• Приглашаем посетить наш сайт
    Литература (lit-info.ru)
  • Былое и думы
    Часть вторая. Тюрьма и ссылка (1834–1838).
    Глава VIII

    Часть вторая. Тюрьма и ссылка (1834–1838)

    Глава VIII

    Пророчество. – Арест Огарева. – Пожар. – Московский либерал. – М. Ф. Орлов. – Кладбище.

    …Раз весною 1834 года пришел я утром к Вадиму; ни его не было дома, ни его братьев и сестер. Я взошел наверх, в небольшую комнату его, и сел писать.

    Дверь тихо отворилась, и взошла старушка, мать Вадима; шаги ее были едва слышны, она подошла устало, болезненно к креслам и сказала мне, садясь в них:

    – Пишите, пишите, – я пришла взглянуть, не воротился ли Вадя; дети пошли гулять, внизу такая пустота, мне сделалось грустно и страшно, я посижу здесь; я вам не мешаю, делайте свое дело.

    Лицо ее было задумчиво, в нем яснее обыкновенного виднелся отблеск вынесенного в прошедшем и та подозрительная робость к будущему, то недоверие к жизни, которое всегда остается после больших, долгих и многочисленных бедствий.

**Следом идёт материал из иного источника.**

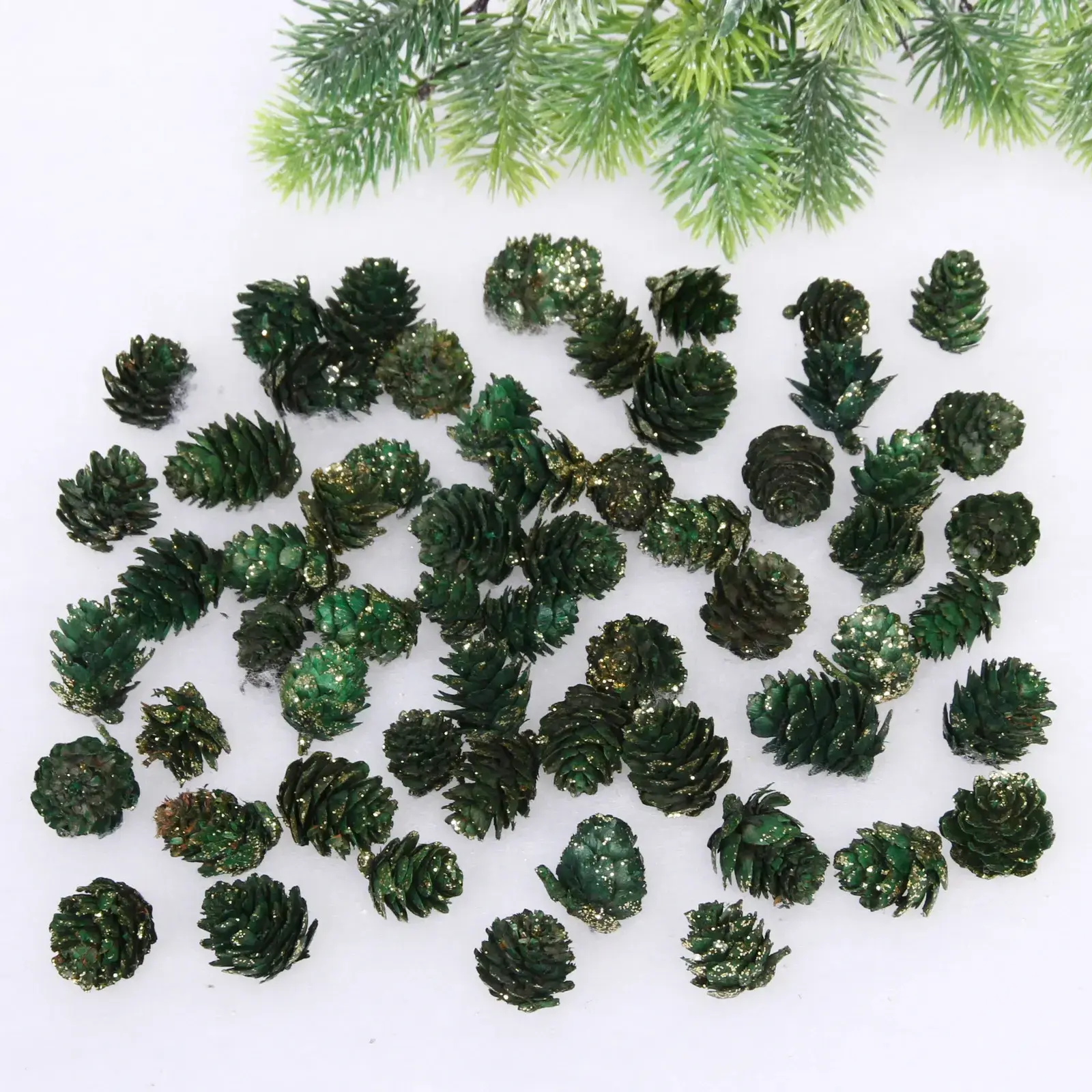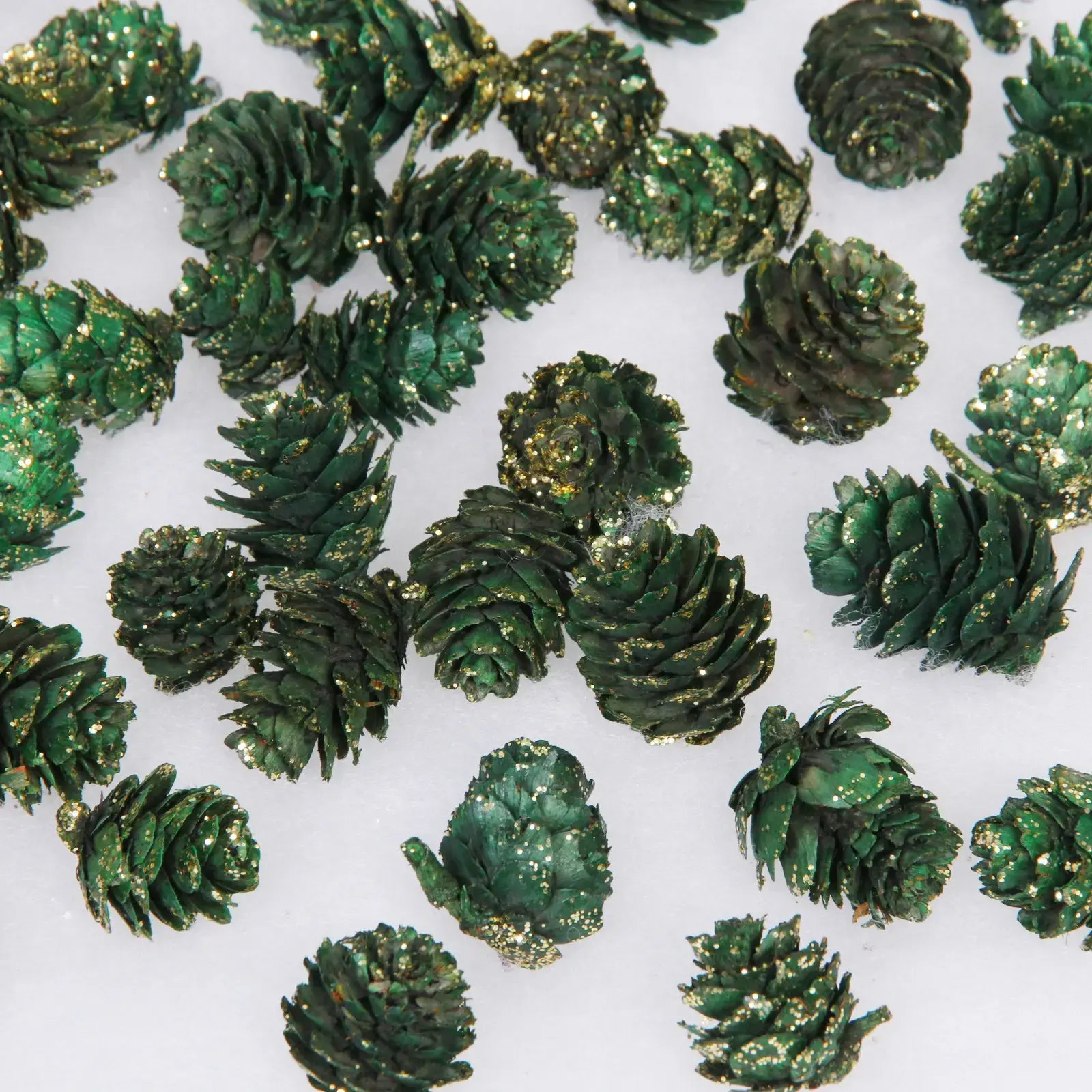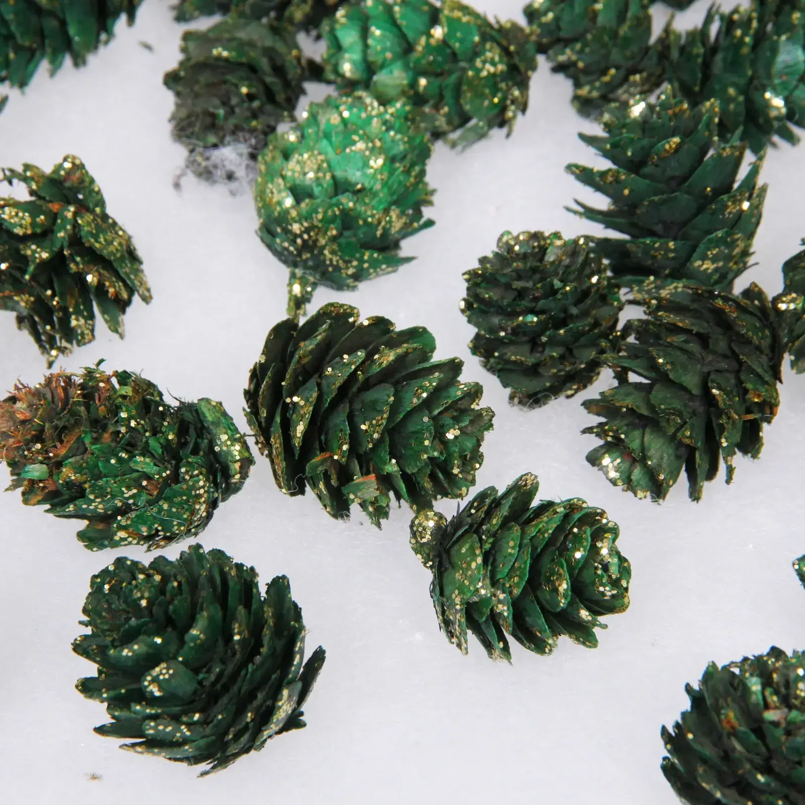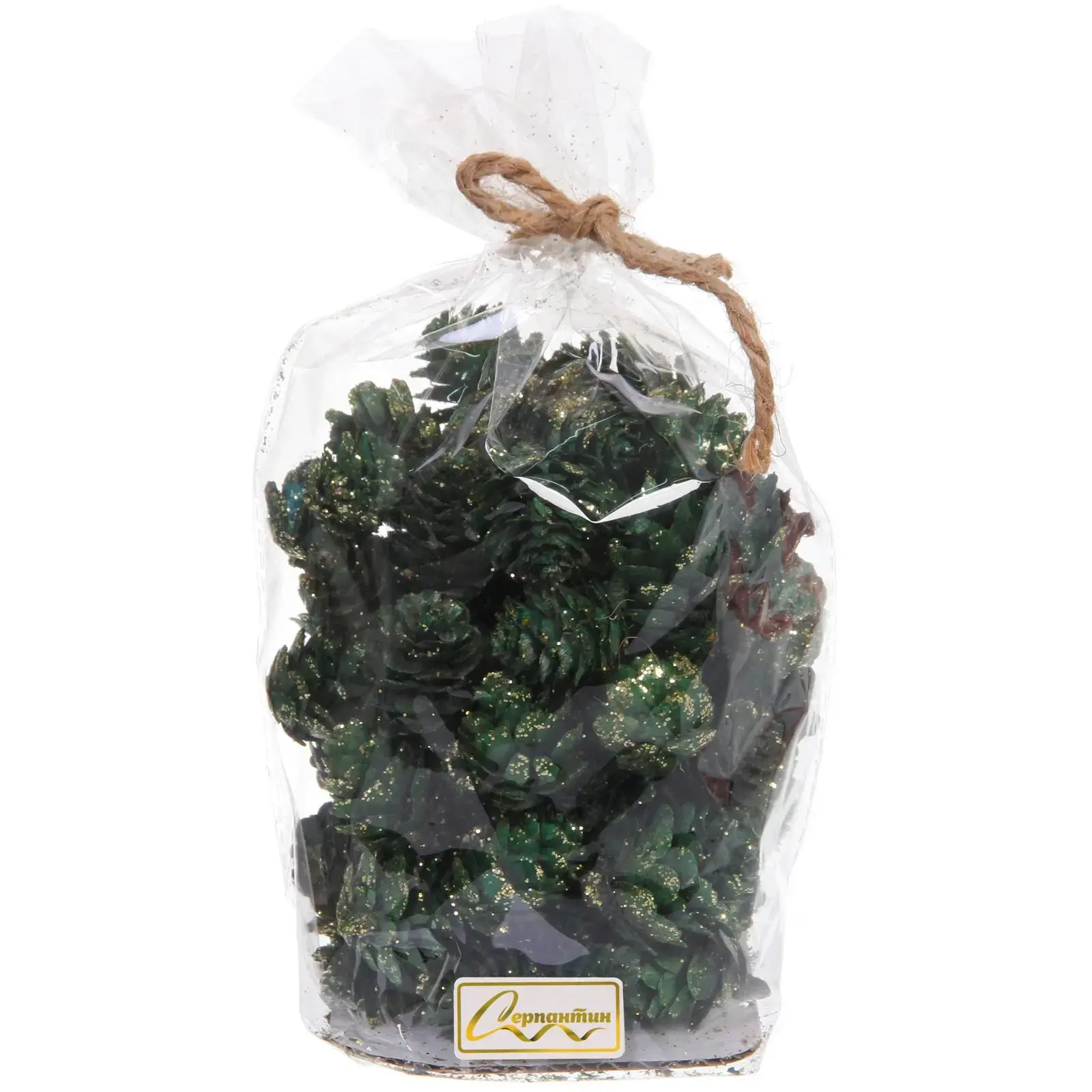 Шишки окрашены стойкими красителями, которые не осыпаются при использовании. Золотистые блестки создают эффект снежного мерцания, а изумрудный цвет гармонирует с классической новогодней палитрой. Компактная упаковка с шершавой веревкой позволяет сразу использовать декор без дополнительной подготовки.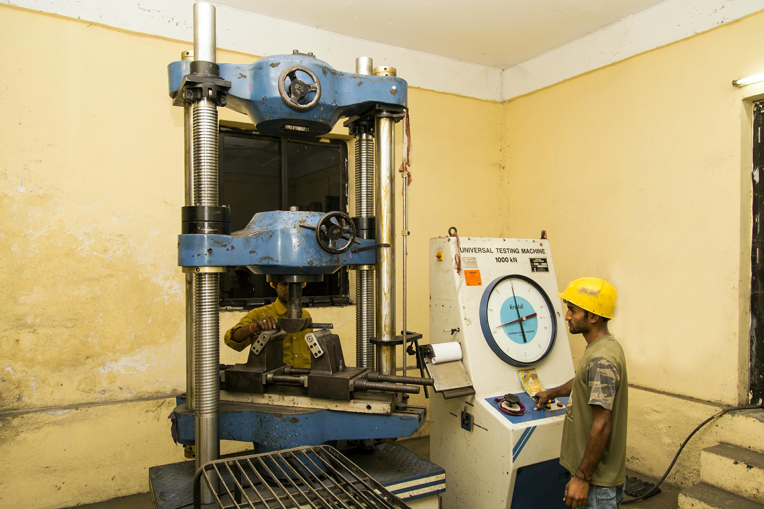 Inspection of billets chemical composition using fully computerized Spectra machine. The hot rolled bar that leaves the final mill stand is rapidly quenched by a special water spray system. This hardens the surface of the bar to a depth optimized for each section through the formation of martensitic rim. The core remains hot and austenitic.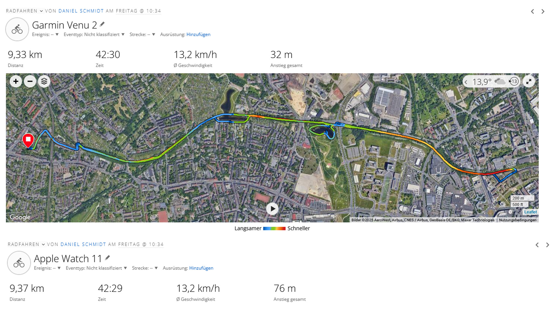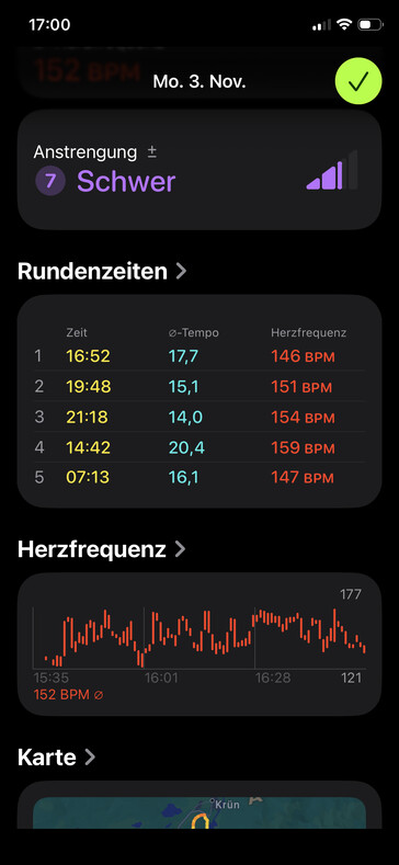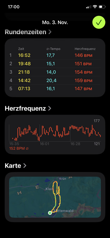 Também medimos a frequência cardíaca durante a atividade em três momentos diferentes. Em média, o desvio foi de apenas 0,4%, sendo que a maior discrepância foi de duas batidas por minuto; duas das três medições foram idênticas. (Nós compilamos uma visão geral detalhada da precisão da medição do smartwatch separadamente)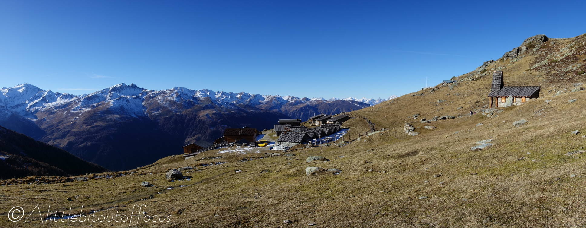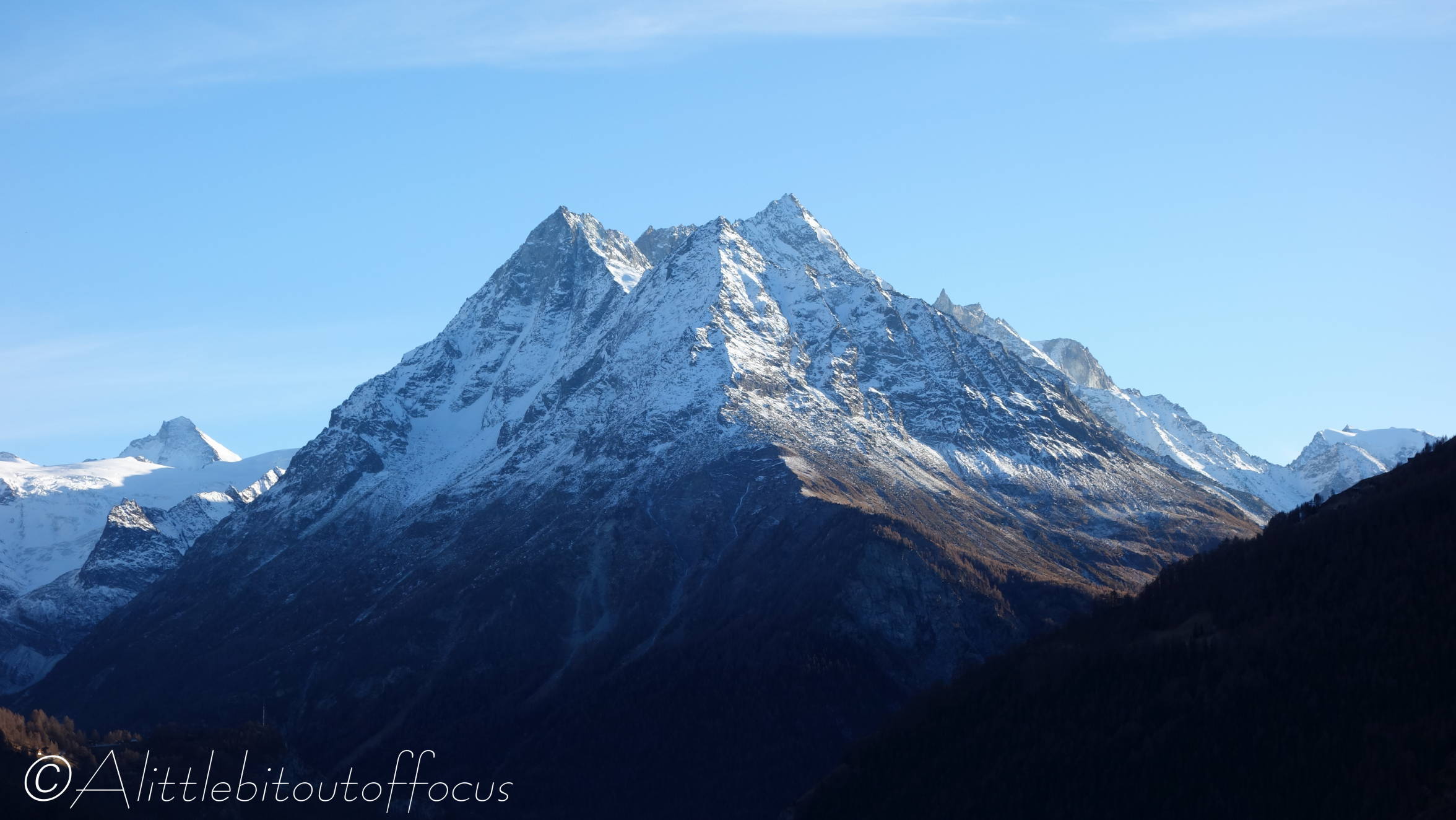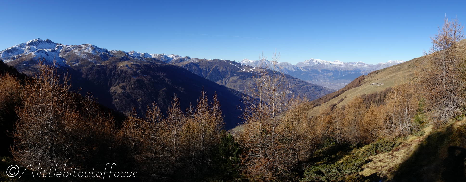I eventually reached the col and was rewarded with a magnificent view over the Grimentz valley (pic 24). The other hiker was already there and he’s again visible in pic 22. I walked a little further across, through varying depths of snow (maybe 15cm to 40cm or 6″ to 16″) due to the drifts and was pleased to take a few pictures of the cross at the top with just my footsteps. (See pic 23). It was rather strange to see the ground completely covered in snow in one direction, but almost free of snow in another.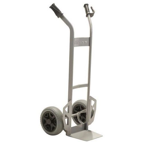 | Descrizione | Carrello in acciaio, Portata: 200 kg, Altezza totale: 1075 mm, Rivestimento ruota: Pneumatico antiforatura |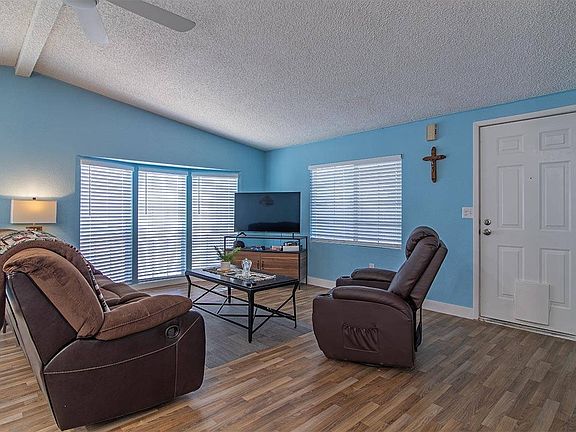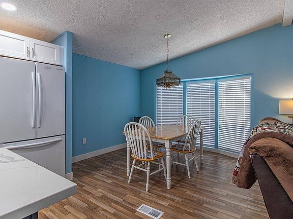 Fully remodeled 2 Bedroom 2 Bath manufactured home For Sale in a 55+ Gated Land Lease Community. The home is located on a large pie shaped home-site with mature trees. It has on-site covered parking with a large matching shed/workshop at the end of the driveway. There is also a large covered front deck. This floor-plan features a spacious front "Great Room" that includes the living room, dining room, kitchen and family room. 2 large front bay windows in the living room and dining room deliver plenty of natural light during the day. The home has tape & textured drywall and vaulted ceilings throughout. Laminate flooring has been installed throughout most of the home with tile flooring in the bathrooms and carpet in the bedrooms. The entire interior of the home has been recently repainted. The kitchen has been fully remodeled with NEW cabinets, countertops, and upgraded appliances. There are plenty of cabinets and counter-space in this upgraded kitchen. The laundry room is just past the kitchen and right inside the back door of the home. There are additional cabinets above the washer and dryer and also a large pantry. There is enough space in the laundry room for a freezer or an additional refrigerator. The existing clothes washer and dryer are also included. The guest bedroom is directly across the hallway from the laundry room. It is queen-size and includes a reach-in closet and lighted ceiling fan. The guest bathroom has been remodeled and includes new flooring a new vanity and upgraded tub shower combo with tile surround. There is a large linen closet in the hallway just outside the guest bathroom. The master bedroom is at the rear of the home. It is king-size and includes a walk-in closet and a fully remodeled en-suite bathroom. The bathroom has an upgraded double-sink vanity upgraded toilet, upgraded lighting and plumbing fixtures and a custom walk-in shower. There is another large linen closet right behind the bathroom door. This home is in very nice condition and the upgrades make the home feel like new.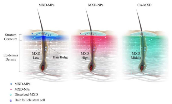Schemes for drug delivery into the hair bulge and bulb region for MXD-MPs (powder type), MXD-MPs (NPs type) and CA-MXD (solution type) formulations.
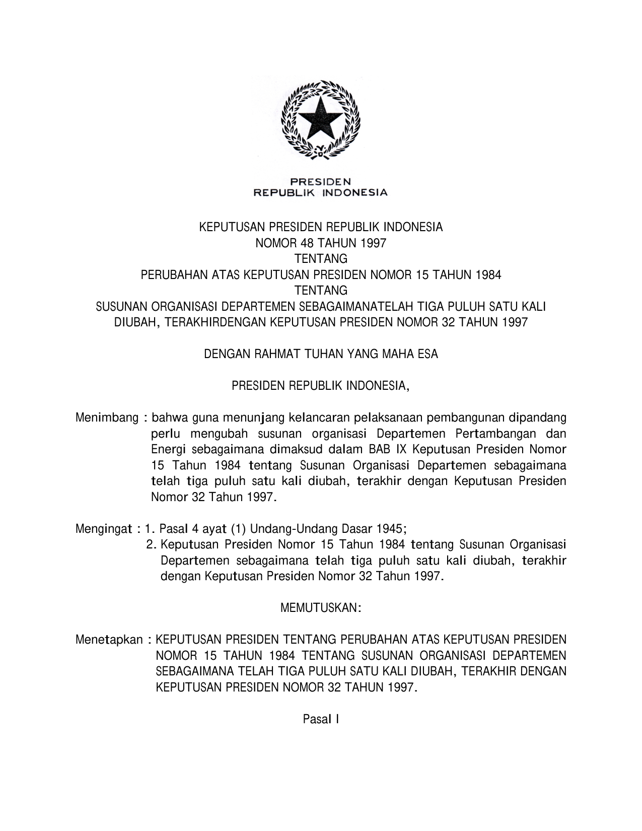 KEPPRES Nomor 48 Tahun 1997 | Keputusan Presiden Nomor 48 Tahun 1997 tentang PERUBAHAN KEPPRES 15-1984 TENTANG SUSUNAN ORGANISASI DEPARTEMEN SEBAGAIMANA TELAH TIGA PULUH SATU KALI DIUBAH, TERAKHIR DENGAN KEPPRES 32-1997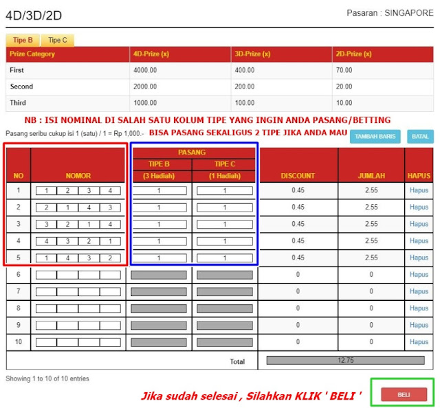 Untuk memasang atau bermain 4D / 4 angka, pada kolom kosong langsung ini saja 4D / 4 angka yang ingin dipasang, contohnya adalah Anda ingin memasang angka 1234, lihat gambar di atas, langsung saja isi angka 1234 dan di bagian kolom 4D jika ingin memasang sebesar Rp 50.000,- maka cukup isi kolom dengan nominal 50, lihat gambar di atas. Review Cara Pasang Togel Bet Diskon#togel #togelonline #d #togelhongkong #prediksitogel #togelsydney #togelsingapore #judionline #bandartogel #togelsgp #toge.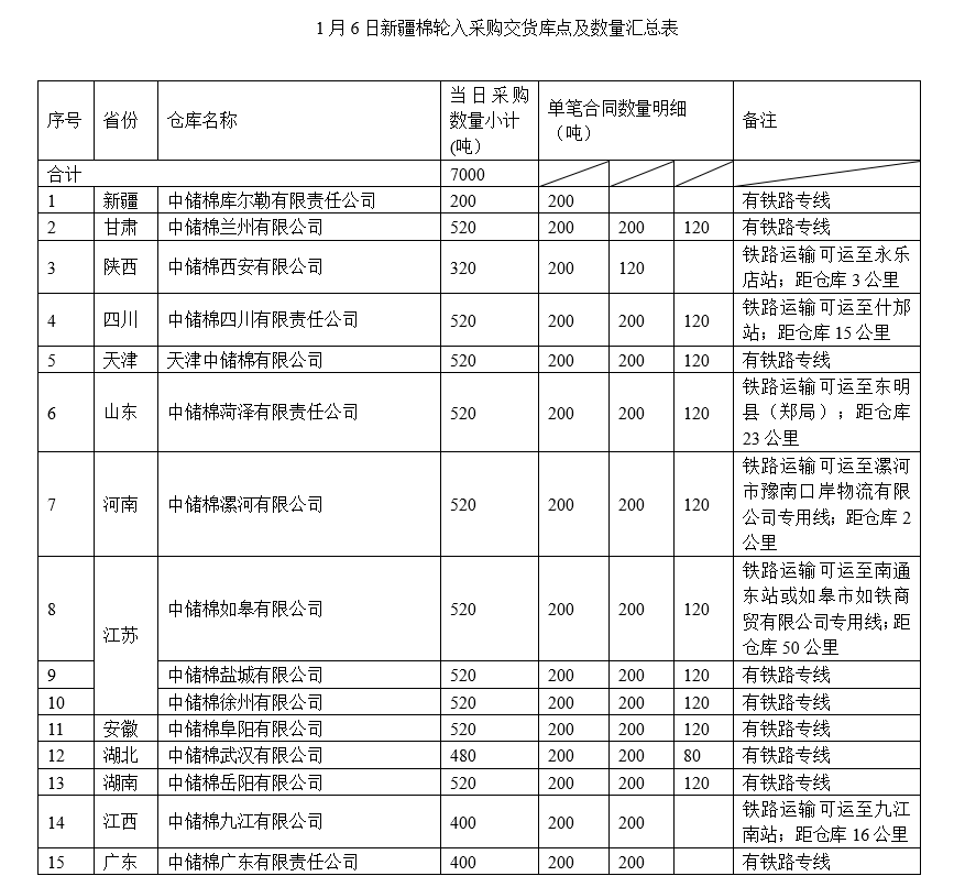 中國(guó)儲(chǔ)備棉管理有限公司定于2020年1月6日采購(gòu)新疆棉7000噸(公定重量),最高限價(jià)13869元/噸(折標(biāo)準(zhǔn)級(jí)3128B價(jià)格)。具體庫(kù)點(diǎn)及數(shù)量如下:

    Мы разговорились. Она рассказывала что-то о Сибири.

    – Много, много пришлось мне перестрадать; что-то еще придется увидеть, – прибавила она, качая головой, – хорошего ничего не чует сердце.

    Я вспомнил, как старушка, иной раз слушая наши смелые рассказы и демагогические разговоры, становилась бледнее, тихо вздыхала, уходила в другую комнату и долго не говорила ни слова.

    – Вы, – продолжала она, – и ваши друзья, вы идете верной дорогой к гибели. Погубите вы Вадю, себя и всех; я ведь и вас люблю, как сына. Слеза катилась по исхудалой щеке.

    Я молчал. Она взяла мою руку и, стараясь улыбнуться, прибавила:

    – Не сердитесь, у меня нервы расстроены; я все понимаю, идите вашей дорогой, для вас нет другой, а если б была, вы все были бы не те. Я знаю это, но не могу пересилить страха, я так много перенесла несчастий, что на новые недостает сил. Смотрите, вы ни слова не говорите Ваде об этом, он огорчится, будет меня уговаривать… Вот он, – прибавила старушка, поспешно утирая слезы и прося еще раз взглядом, чтоб я молчал.

    Бедная мать! Святая, великая женщина!

    Это стоит корнелевского «qu’il mourût»[129].

    Пророчество ее скоро сбылось; по счастию, на этот раз гроза пронеслась над головой ее семьи, но много набралась бедная горя и страху.

    – Как взяли? – спрашивал я, вскочив с постели и щупая голову, чтоб знать, сплю я или нет.

    – Полицмейстер приезжал ночью, с квартальным и казаками, часа через два после того, как вы ушли от нас, забрал бумаги и увез Н. П.

    – в последнее время все было тихо. Огарев только за день приехал… и отчего же его взяли, а меня нет?

    Сложа руки нельзя было оставаться, я оделся и вышел из дому без определенной цели. Это было первое несчастие, падавшее на мою голову. Мне было скверно, меня мучило мое бессилие.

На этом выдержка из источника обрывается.